▶ Problem
Once the line with "2014/03/12 | 03:24:09.2" is found in the entries below, print it and each following line exactly, stopping after the line with "頭戴式有線耳機(jī)電競(jìng)游"; print nothing else.

▶ Provided records
○ ○ ○ ○ ○

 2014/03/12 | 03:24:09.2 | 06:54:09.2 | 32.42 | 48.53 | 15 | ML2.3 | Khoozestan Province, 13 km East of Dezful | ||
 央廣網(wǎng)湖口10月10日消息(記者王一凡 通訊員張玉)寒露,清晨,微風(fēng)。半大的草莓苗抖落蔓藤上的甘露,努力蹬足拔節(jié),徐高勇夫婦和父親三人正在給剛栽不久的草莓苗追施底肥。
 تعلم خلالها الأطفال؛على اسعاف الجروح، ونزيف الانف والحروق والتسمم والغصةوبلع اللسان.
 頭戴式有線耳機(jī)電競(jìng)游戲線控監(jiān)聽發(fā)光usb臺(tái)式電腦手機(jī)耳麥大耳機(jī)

○ ○ ○ ○ ○

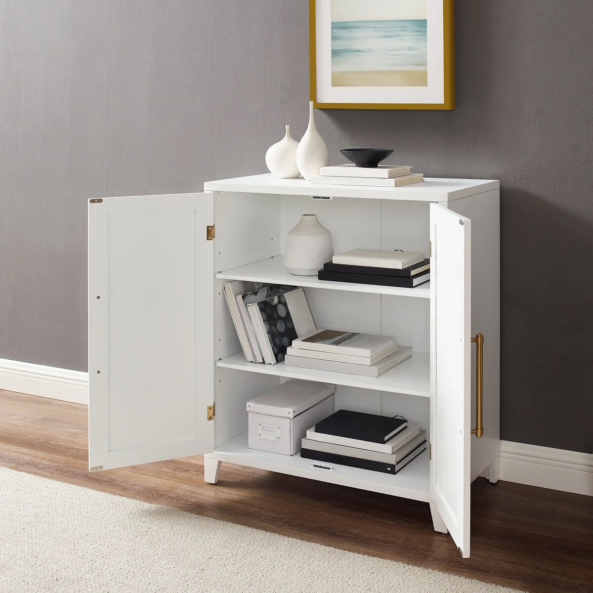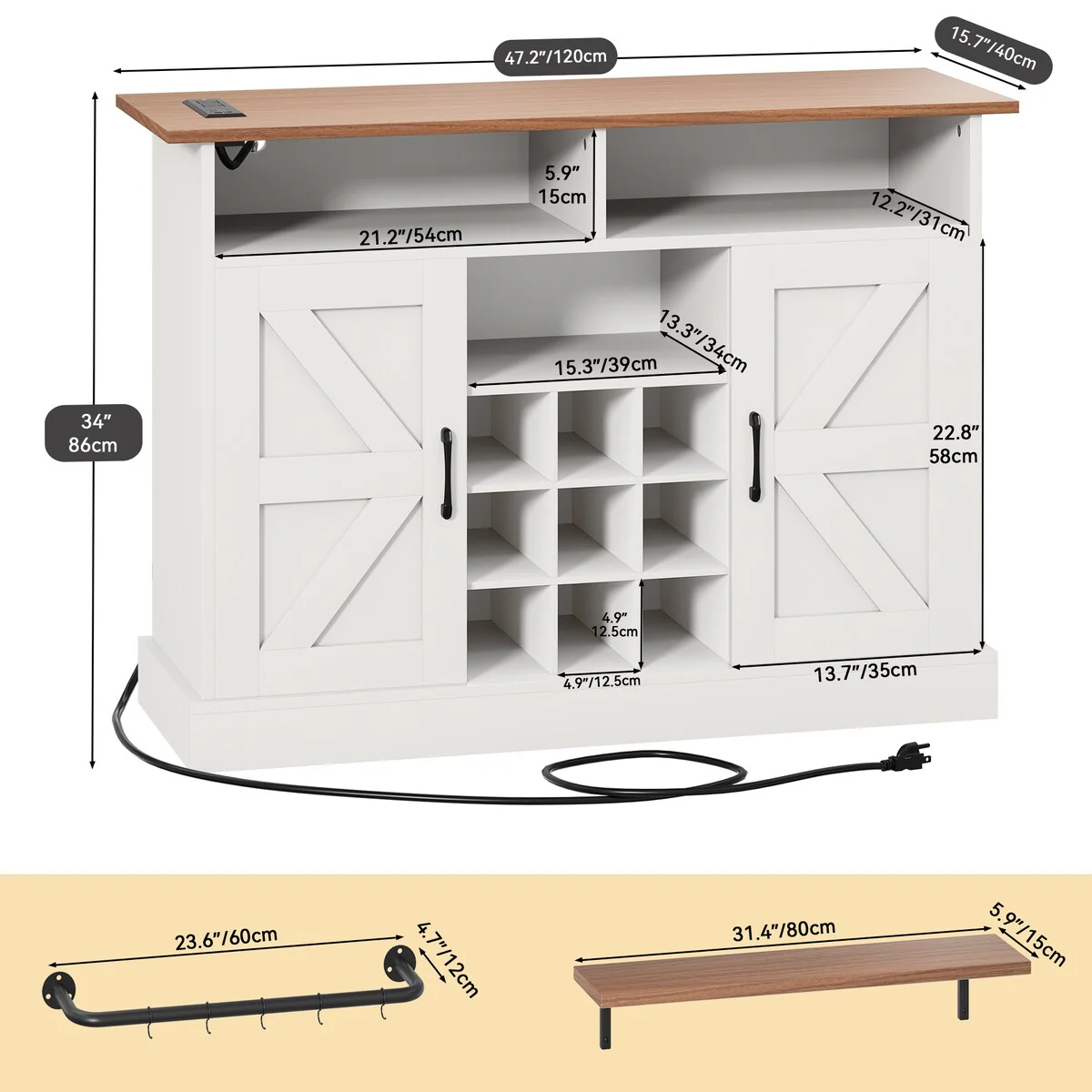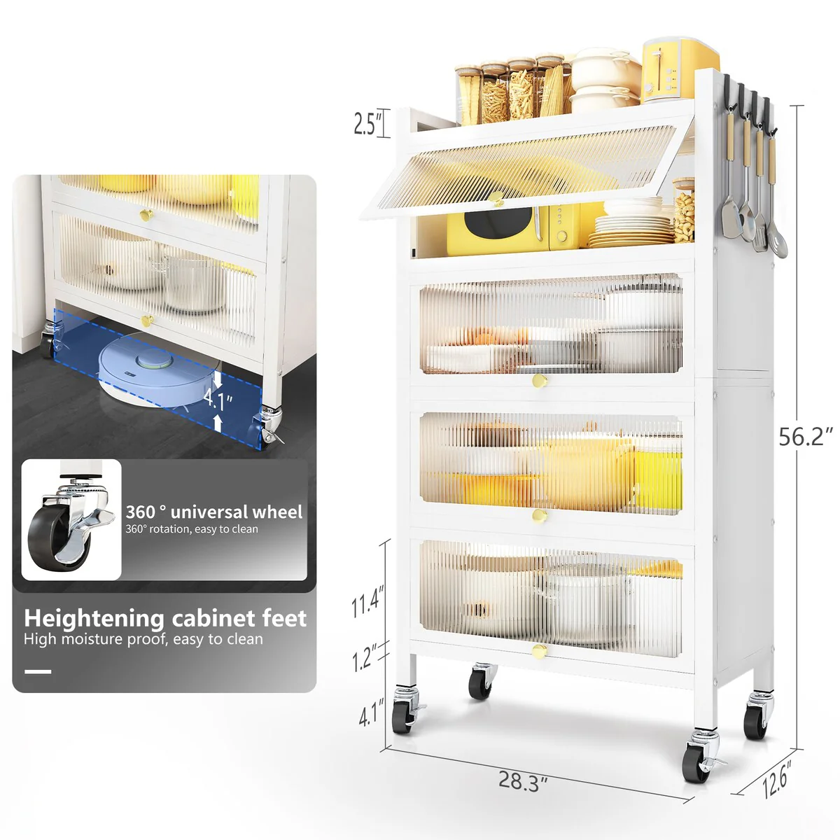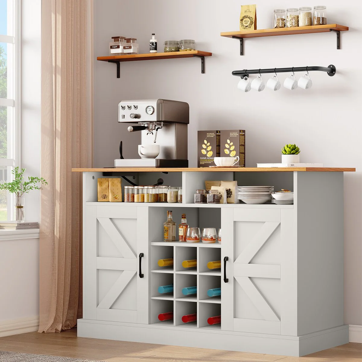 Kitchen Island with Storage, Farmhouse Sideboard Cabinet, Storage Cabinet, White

○ ○ ○ ○ ○

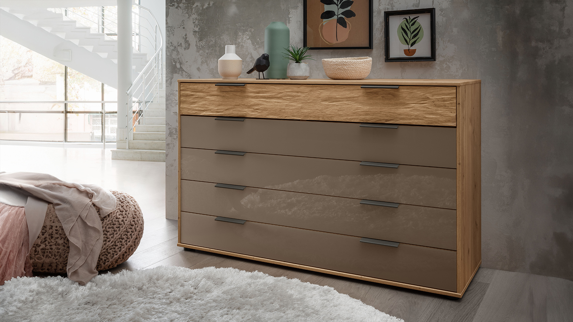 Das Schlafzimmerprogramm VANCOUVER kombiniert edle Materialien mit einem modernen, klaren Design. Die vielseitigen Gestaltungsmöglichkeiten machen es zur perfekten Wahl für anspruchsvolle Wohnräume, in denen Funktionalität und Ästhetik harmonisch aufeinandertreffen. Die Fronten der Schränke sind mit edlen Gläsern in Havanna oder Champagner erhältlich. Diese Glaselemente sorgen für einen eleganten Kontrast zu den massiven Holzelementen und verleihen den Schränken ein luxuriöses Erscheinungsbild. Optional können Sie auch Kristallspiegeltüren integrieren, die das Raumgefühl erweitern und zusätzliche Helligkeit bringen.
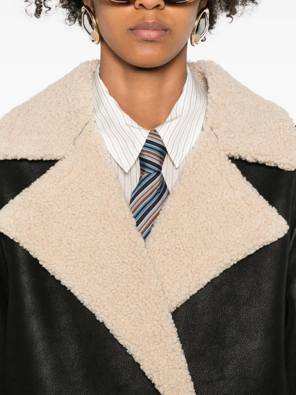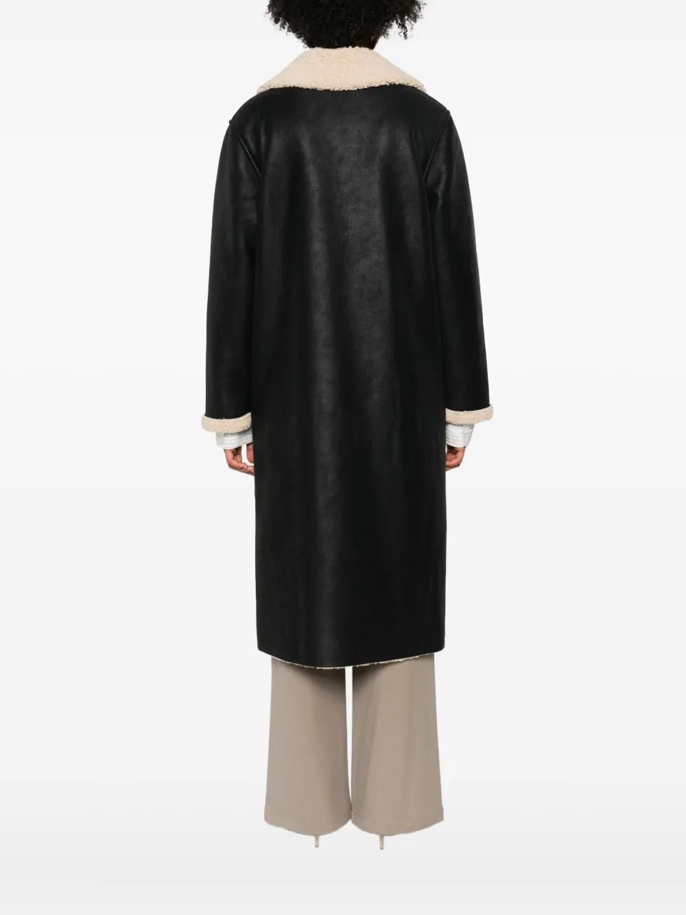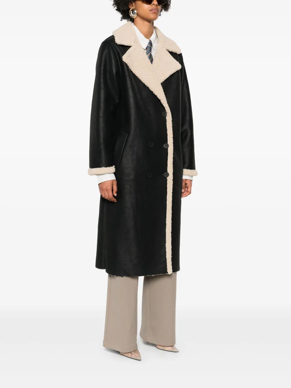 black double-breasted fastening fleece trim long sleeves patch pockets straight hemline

○ ○ ○ ○ ○

▶ Completed exercise
 2014/03/12 | 03:24:09.2 | 06:54:09.2 | 32.42 | 48.53 | 15 | ML2.3 | Khoozestan Province, 13 km East of Dezful | ||
 央廣網(wǎng)湖口10月10日消息(記者王一凡 通訊員張玉)寒露,清晨,微風(fēng)。半大的草莓苗抖落蔓藤上的甘露,努力蹬足拔節(jié),徐高勇夫婦和父親三人正在給剛栽不久的草莓苗追施底肥。
 تعلم خلالها الأطفال؛على اسعاف الجروح، ونزيف الانف والحروق والتسمم والغصةوبلع اللسان.
 頭戴式有線耳機(jī)電競(jìng)游戲線控監(jiān)聽發(fā)光usb臺(tái)式電腦手機(jī)耳麥大耳機(jī)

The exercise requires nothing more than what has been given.